First disconnection, simple to add it.
{"connection" : [{
"start" : "Dec 19 10:12:58"
"stop" : "Dec 19 10:20:58",
"username" : "customer2"}
在下一个身份验证中,我需要搜索此特定用户,插入新的开始"连接时间并清除停止".依此类推.
In the next authentication, I need to search this specific user, insert new "start" connection time and erase "stop". And so on.
{"connection" : [{
"start" : "Dec 19 10:21:48"
"username" : "customer2"}
- 我的下一个挑战者,它将创建这个新的优化列表.
试图做到这一点,但不起作用!
Tried to make this, but does not work!
conn = []
for l in log:
obcon = dict()
if not obcon:
obcon['USER'] = l['USER']
if l['DATA'] == 'connected':
obcon['START'] = l['DATA']
obcon['STOP'] = ""
else:
obcon['STOP'] = l['DATA']
conn.append(obcon)
在构建新列表之前,我需要检查是否存在某些用户,如果不存在,请构建它!我用来识别启动/停止连接的['CONNECTION']:
Before build the new list, I'd need to check if exists some user, if not, let's build it! The ['CONNECTION'] I use to identify starts/stop connections:
Disconnected -> STOP
Connected -> START
我不知道我是否需要更具体. 需要想法.拜托!
I dont know if I need to be more specific. Need ideas. Please!
推荐答案
我认为var log
的类型应为dict
,因为它可以帮助您更轻松地找到现有的用户数据.
接下来,在任何地方都使用re(...).group(0)
,这是整个匹配字符串.例如,提取用户名时,您写了'<pppoe(.*?)>'
,但它位于group(1)
中(在正则表达式中,括号用于匹配提取).
我的建议是(注意-我删除了sys
和os
的导入,因为它们没有被使用):
In my opinion, the var log
should be of type dict
as it will help you find an existing user data more easily.

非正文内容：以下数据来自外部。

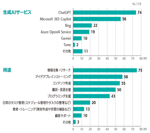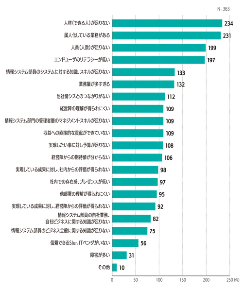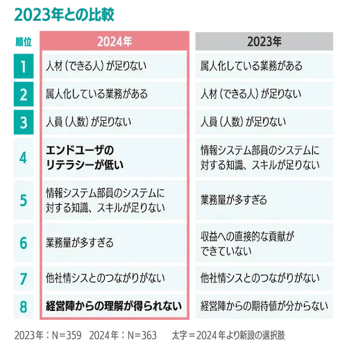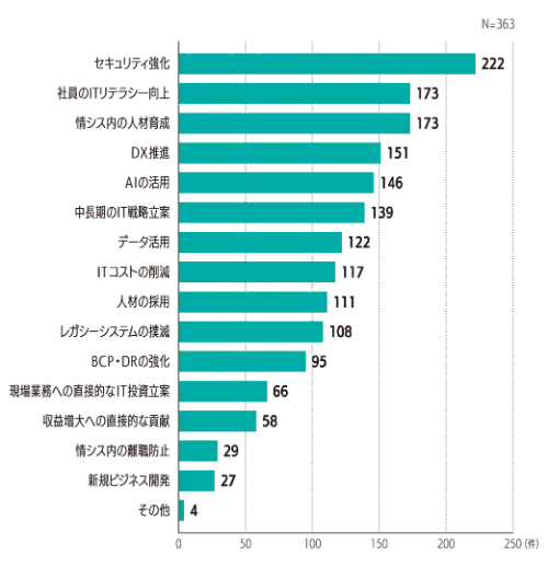 今後、強化すべきことの1位は「セキュリティ」(昨年は2位)。2023年に登場した「DX推進」は今年も同じ4位、2023年に7位だった「AIの活用」は5位となった。2024年に新設した「社員のITリテラシー向上」が2位にランクインする一方、「レガシーシステムの撲滅」は順位を下げた。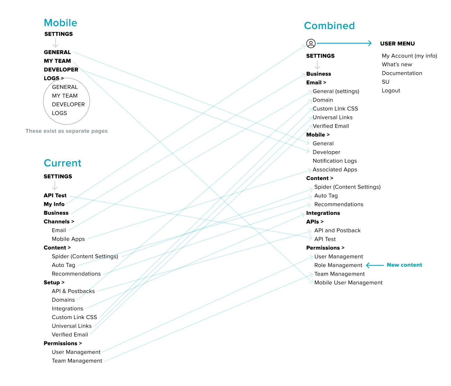 Upcoming new feature releases required changes to Sailthru's navigation and information architecture. The navigation was the first universal area of the product to be upgraded with the new UI/UX.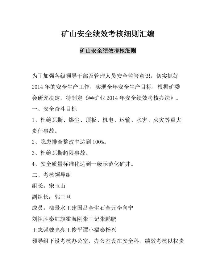 礦山安全績(jī)效考核細(xì)則匯編(18頁)(1)docx
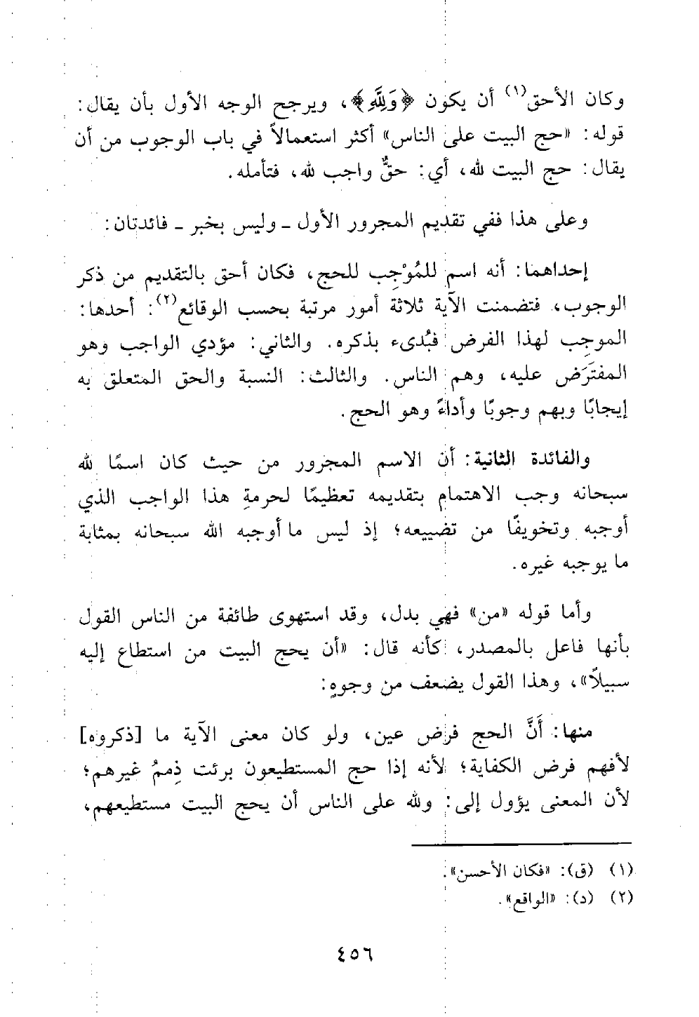 وكان الأحق أن يكون ولله ويرجح الوجه الأول بأن يقال قوله حج البيت على الناس أكثر استعمالا في باب الوجوب من أن يقال حج البيت لله تعالى أي حق واجب لله فتأمله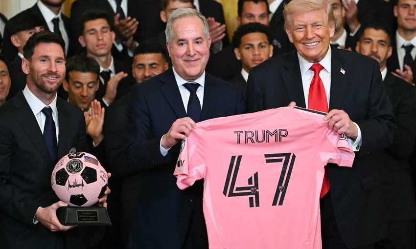 التقى دونالد ترامب رئيس الولايات المتحدة الأمريكية بـ ليونيل ميسي قائد إنتر ميامي وخورخي ماس مالك النادي وخافيير ماسكيرانو المدير الفني وجميع لاعبي الفريق للاحتفال بتتويج إنتر ميامي بلقب الدوري الأمريكي 2025.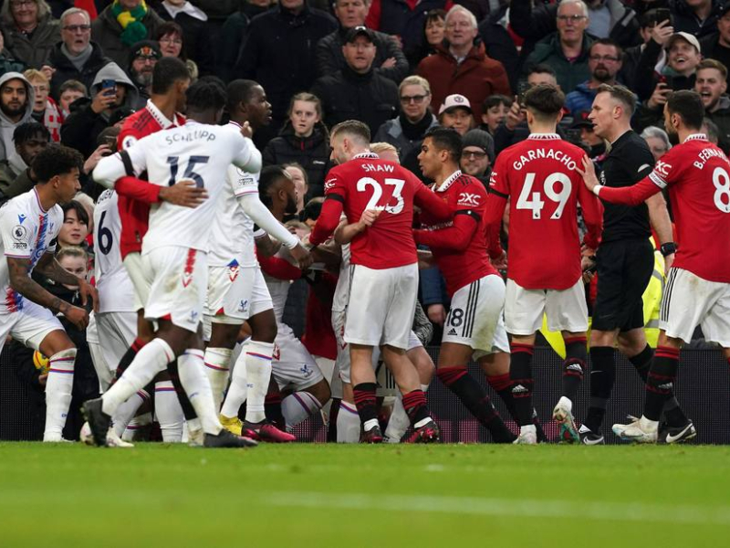 Tempers flare between players, resulting in a red card for Manchester United's Casemiro during the Premier League match at Old Trafford, Manchester. Picture date: Saturday February 4, 2023.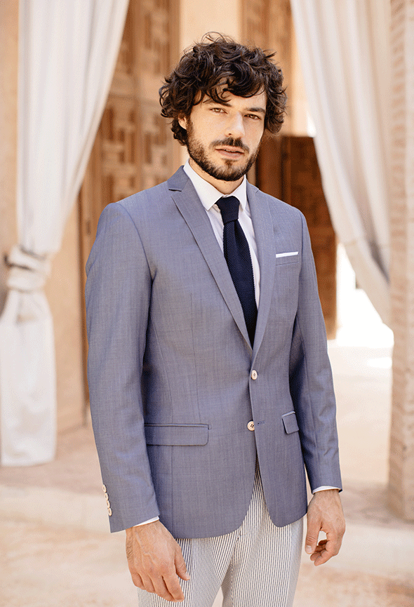 Astre, c’est un costume sur mesure dépareillé. L’alliance de la laine et du coton Seersucker. Ces deux matières favorisent la perte de chaleur et la circulation de l’air. Idéales pour les soirées chics de l’été.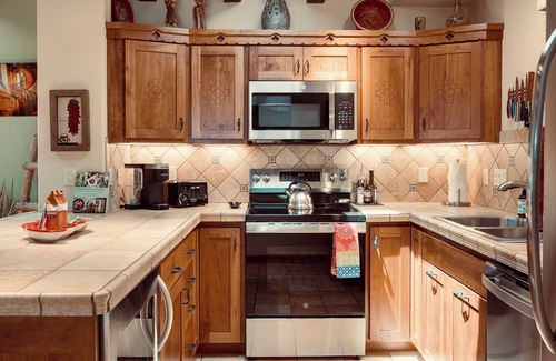 "Experience comfort and stunning mountain views in this spacious 2-bedroom, 2-bathroom casita, accommodating up to 4 guests at Pueblo Encantado. Boasting the larger of the two available floor plans, this casita has been thoughtfully reimagined and remodeled, featuring enlarged baths for a luxurious stay. Enjoy special discounts for extended stays, with rates varying by season. The last photo in our gallery showcases the new floor plan layout."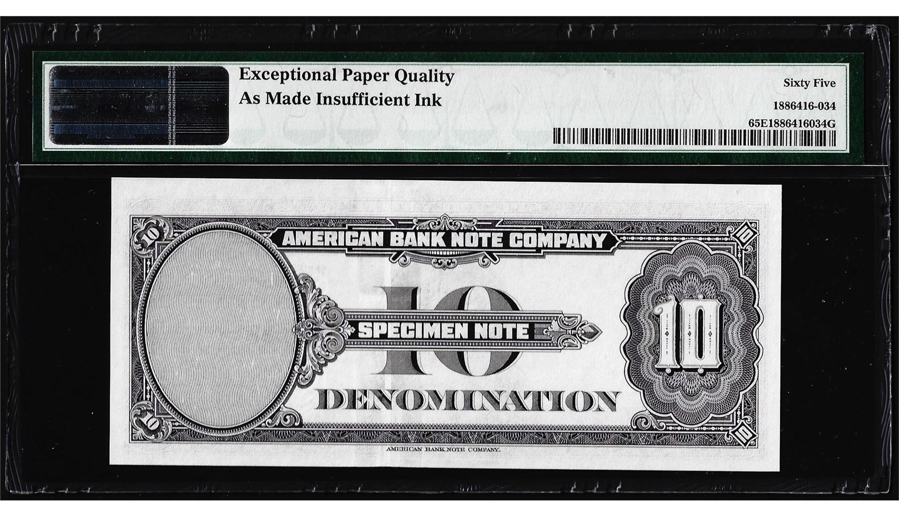 1929 10 Unit American Bank Note Co. "Test Note" PMG Gem Uncirculated 65EPQ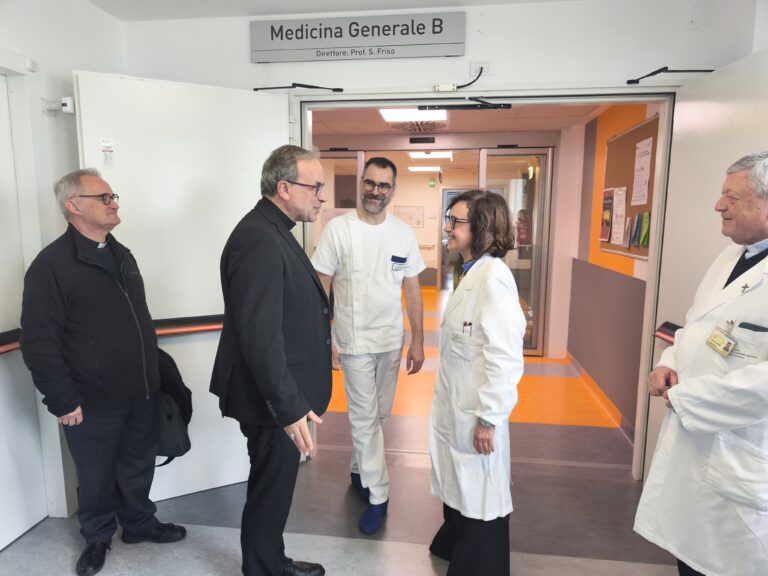 Visita ai malati Medicina interna B. Come sempre quando viene in ospedale, monsignor Pompili ha voluto portare i suoi saluti ai malati. È stato accolto nel reparto di Medicina interna B, diretto dalla prof.ssa Simonetta Friso, che ha pazienti sia giovani o molto giovani fino a persone di età anziane, anche i cosiddetti “grandi anziani”. Sono persone con malattie complesse, malattie rare nell’ambito ematologico non oncologico (trombosi, trombofilia, malattie immunologiche), oltre a pazienti che accedono attraverso il Pronto soccorso. Attivi anche l’ambulatorio e il Day service per le malattie rare.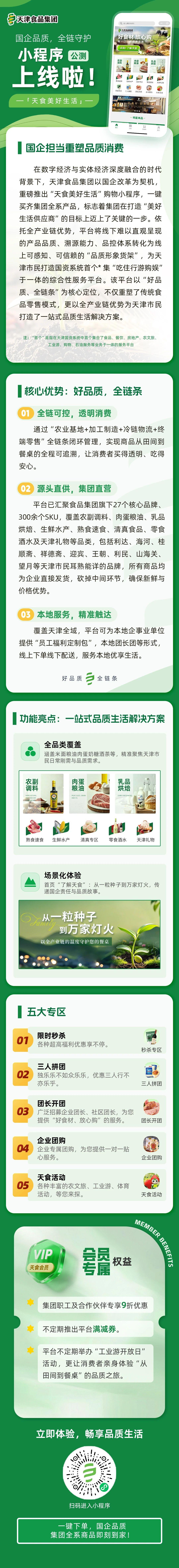 國企品質(zhì) 全鏈?zhǔn)刈o|天津食品集團「天食美好生活」小程序公測上線啦!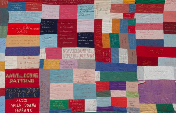 Pace, cura e lotta nelle opere delle street artist Lediesis e nelle bandiere cucite dalle lavoratrici negli anni Cinquanta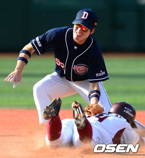 9일 오후 서울 목동구장에서 열린 '2013 한국야쿠르트 세븐 프로야구' 준플레이오프 2차전 넥센 히어로즈와 두산 베어스의 경기 5회말 1사 1루 서동욱 타석, 1루주자 서건창이 도루에 실패하고 있다.

Next, you used re(...).group(0)
everywhere, which is the entire matching string. For example, when extracting the user name, you wrote '<pppoe(.*?)>'
, but it is located in group(1)
(in regex, parentheses are used for match extraction).
My suggestion is (Note - I removed the imports of sys
and os
as they are not in use):
import re
f = open('log.log', 'r')
log = dict()
for line in f:
reg = re.search(r': ((?:dis)?connected)', line) # finds connected or disconnected
if reg is not None:
user = re.search(r'<pppoe-(.*?)>', line).group(1)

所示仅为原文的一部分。